START The data

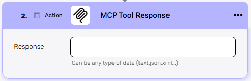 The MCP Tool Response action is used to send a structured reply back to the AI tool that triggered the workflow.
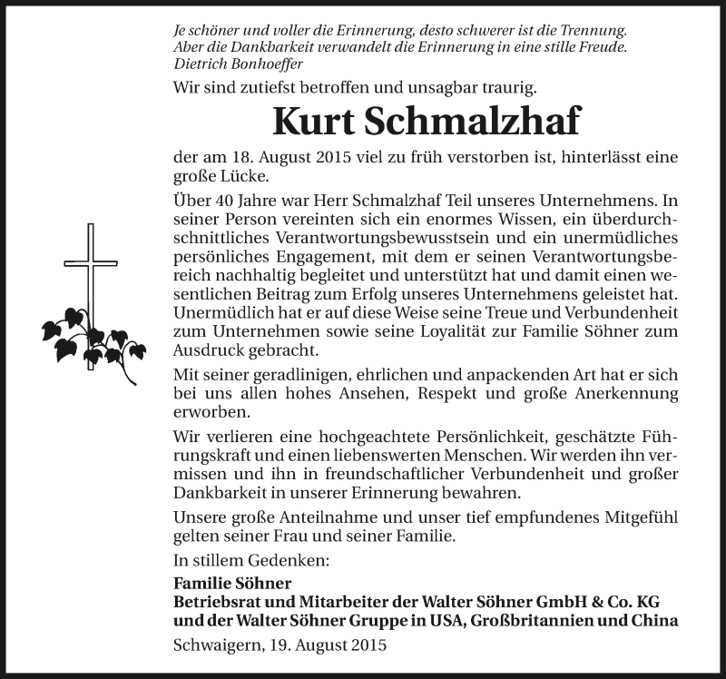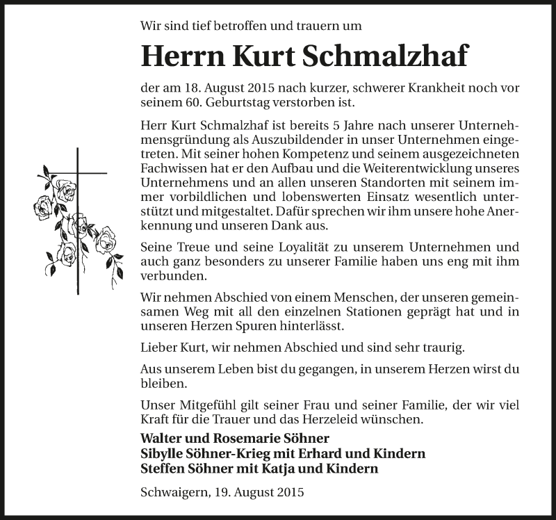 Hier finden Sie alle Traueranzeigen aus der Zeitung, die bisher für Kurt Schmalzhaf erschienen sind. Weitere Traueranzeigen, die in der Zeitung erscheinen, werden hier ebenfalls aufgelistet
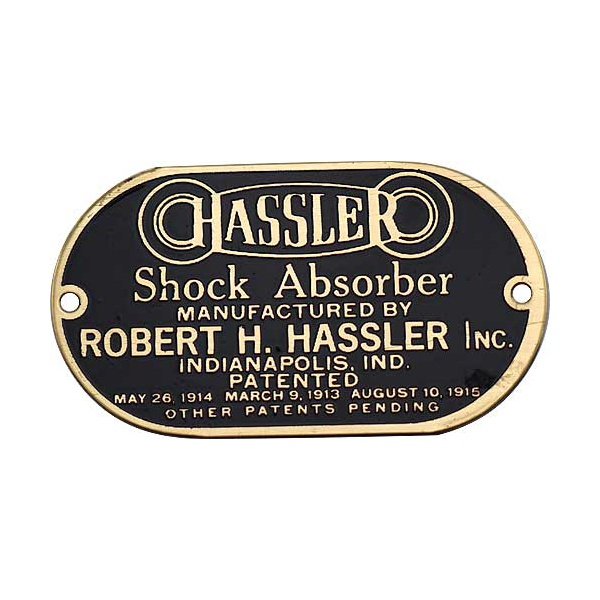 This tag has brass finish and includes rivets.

END The data

In transcribing the lines above, omit the images and keep all else exact.

# [Reply]
 The MCP Tool Response action is used to send a structured reply back to the AI tool that triggered the workflow.
 Hier finden Sie alle Traueranzeigen aus der Zeitung, die bisher für Kurt Schmalzhaf erschienen sind. Weitere Traueranzeigen, die in der Zeitung erscheinen, werden hier ebenfalls aufgelistet
 This tag has brass finish and includes rivets.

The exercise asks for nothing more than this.